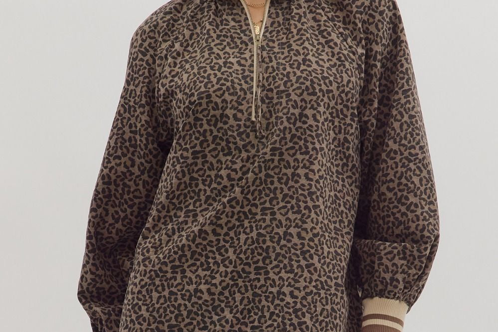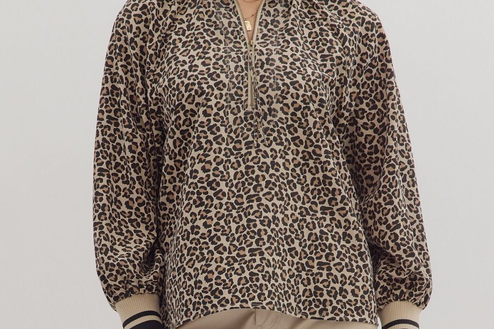 Step into the wild with our Leopard Print Long Sleeve! This top features a fierce leopard print, a zip-up mock neck, and zipper closure for a stylish touch. Designed with comfort in mind, it is unlined and made of medium weight fabric. Available in Taupe and Mocha, this top will add a fun and playful element to your wardrobe.
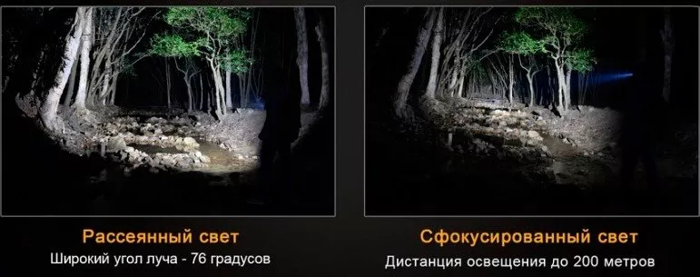 Эта функция позволяет использовать один и тот же фонарь для освещения близлежащей местности заливным светом широкого луча, или же увеличивать дальность, делая луч более узким.
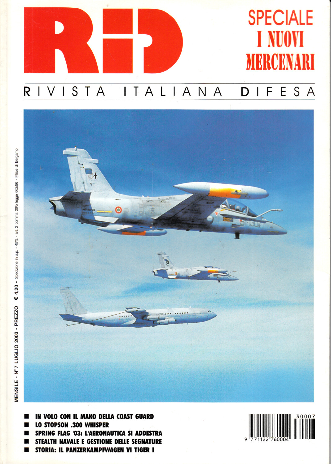 | Titolo: | Rivista Italiano Difesa RID n. 7 – Luglio 2003. In copertina Springflag2003, MB-339CD e B-707 Tanker |
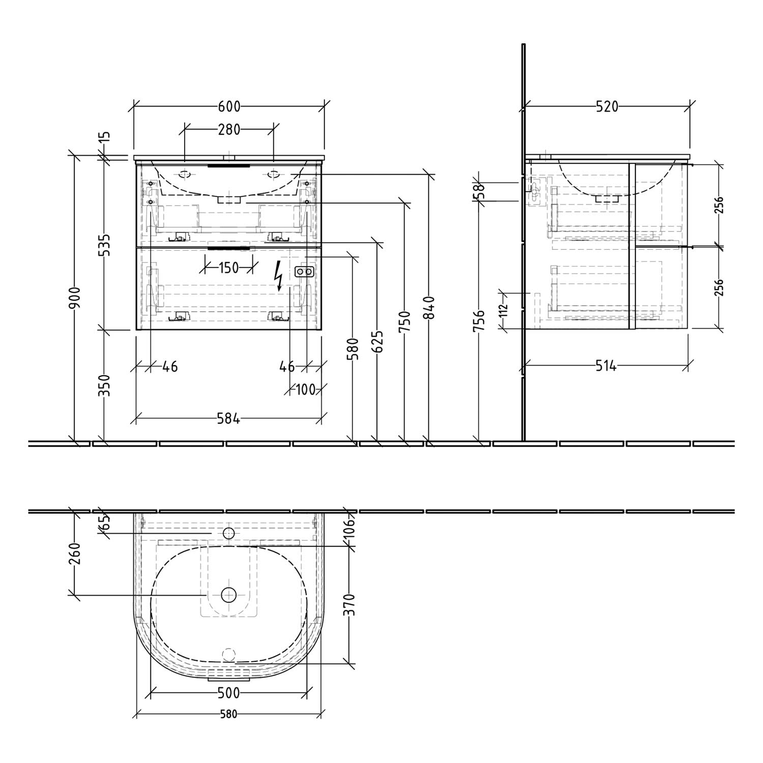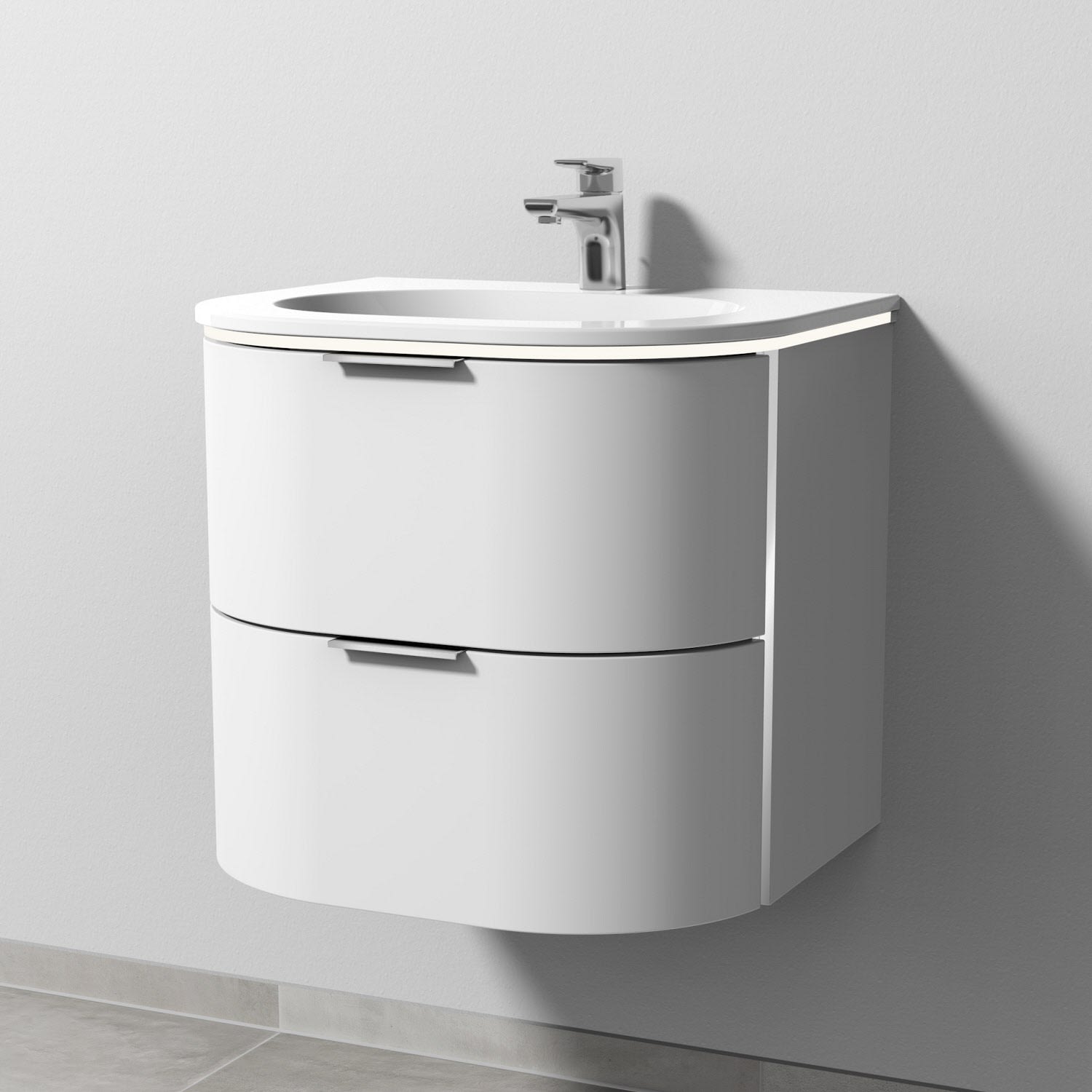 Sanipa 4balance Keramik-Waschtisch + Waschtischunterbau 60 cm mit 2 Auszügen, Griff, LED

ABOUT THIS EXERCISE: Beginning at the line that contains "B-707 Tanker |" and ending at the last line of the data, return each line exactly; no picture belongs in the copy.

TASK ANSWER:
 | Titolo: | Rivista Italiano Difesa RID n. 7 – Luglio 2003. In copertina Springflag2003, MB-339CD e B-707 Tanker |
 Sanipa 4balance Keramik-Waschtisch + Waschtischunterbau 60 cm mit 2 Auszügen, Griff, LED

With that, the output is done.